Clarivate was originally written up by Jumbos02 in 2021. I encourage readers to first read that idea and the messages as they include important discussion of the business and the key debates/concerns since then.

Introduction

Investors love the playbook of information services companies: mission-critical products with limited competition, pricing power and high single-digit organic growth, high and improving margins, healthy leverage, and capital return. To these investors, Clarivate is the runt of the litter. The company has low single-digit organic growth, faces concerns around its capital structure, and pays no common dividend. As a result, the stock has been sold off, the valuation has plummeted, and the price is not right.

Business Overview

Clarivate is a global information services company that curates and provides mission-critical enriched data, analytics/insights, workflow software, and expert services to organizations. The company serves the Academia & Government (“A&G”), Intellectual Property (“IP”), and Life Sciences and Healthcare (“LS&H”) markets, Clarivate’s three revenue segments. The company makes subscription revenues from annual contracts. They also make re-occurring revenues from the IP maintenance subsegment (patent and trademark renewals). Transactional revenues are derived from content sales, consulting engagements, and other services. In 2023, subscription, re-occurring, and transactional revenues made up 61.6%, 16.9%, and 21.5% of revenue. 53% of revenue came from the Americas, 27% from EMEA, and 20% from APAC. As of 1Q24, annual renewal rates were 93%, up from 91% in 2022 and 2021.
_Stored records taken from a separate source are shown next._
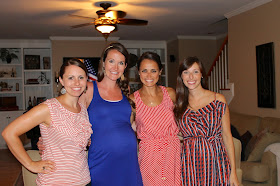 Yesterday, we spent the day at our friends' neighborhood pool all day. The husbands played everything from four square to water volleyball to the watermelon relay while we sat at the edge of the pool to cheer them on. After that, we headed back to their house for a cookout and some hang out time. Later, we were determined to find some fireworks so we ended up catching some a couple miles from their house in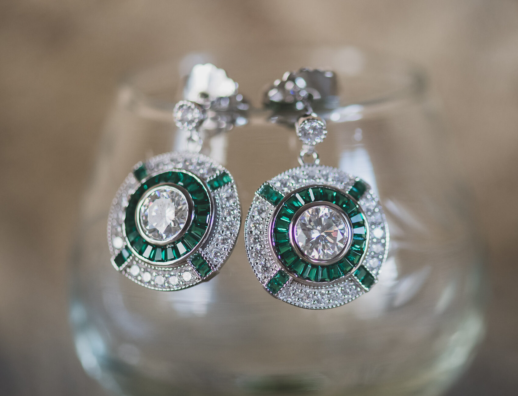 Pendientes ojo de perdiz realizados en plata con una moissanita central de 5 mm, rodeado de circonitas blancas y verdes.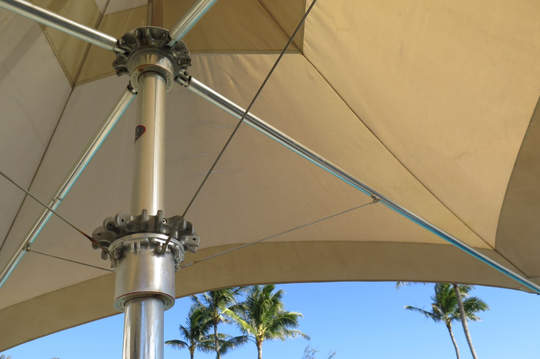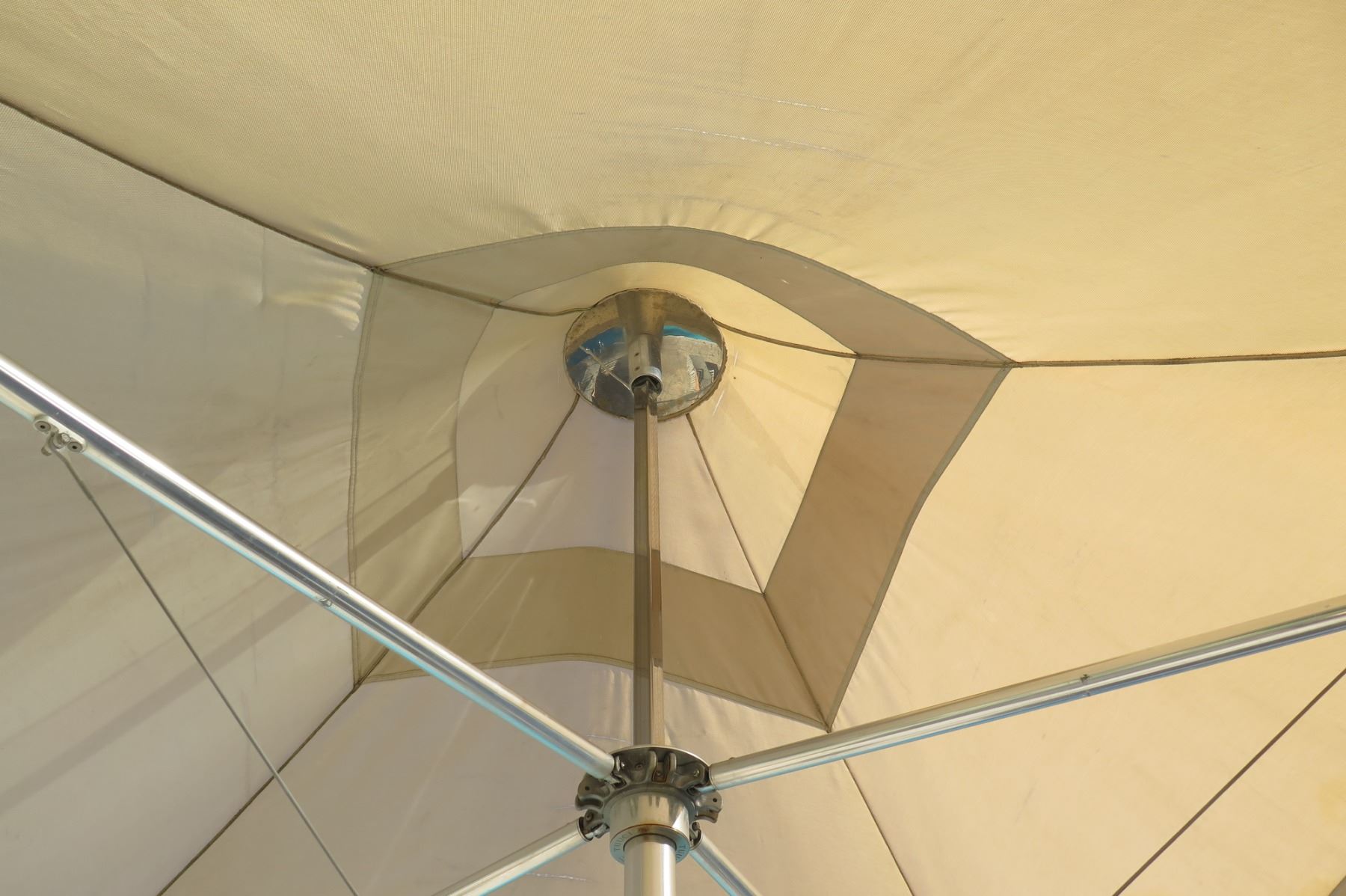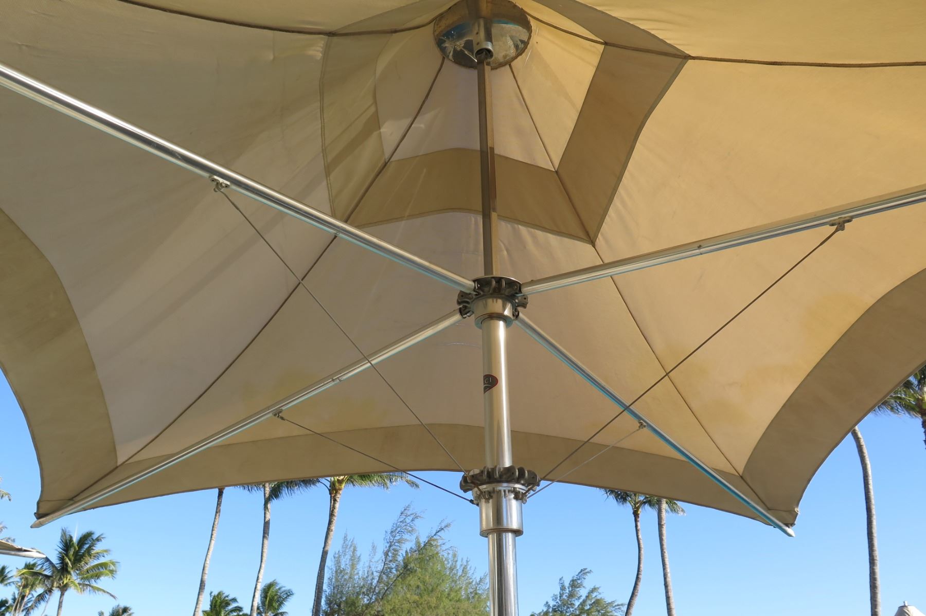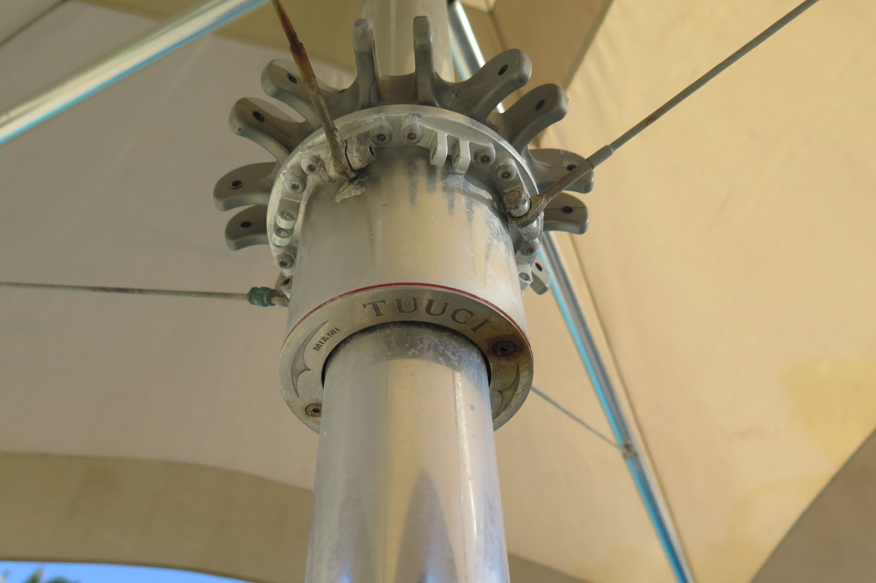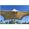 Large Tuuci Collapsible 4-Spoke Umbrella, 161" Tall, Approx. 216" Across. Includes crank to open up & fold down umbrella. This umbrella has been unbolted and ready for transport.

Clarivate was originally the Intellectual Property & Science business of Thomson Reuters, an information services company. In 2016, Thomson Reuters sold this business to the Onex Corporation and Baring Private Equity Asia for $3.55B in cash. In 2019, Clarivate went public by merging with Churchill Capital, a special purpose acquisition company. The merger implied an enterprise value of $4.2B, 14.3x 2019 adjusted EBITDA. Currently, Clarivate has a market cap of $3.79B and net debt of $4.26B for enterprise value of $8.05B, 7.4x 2025 EBITDA.

Academia & Government (50.3% of 2023 Revenue)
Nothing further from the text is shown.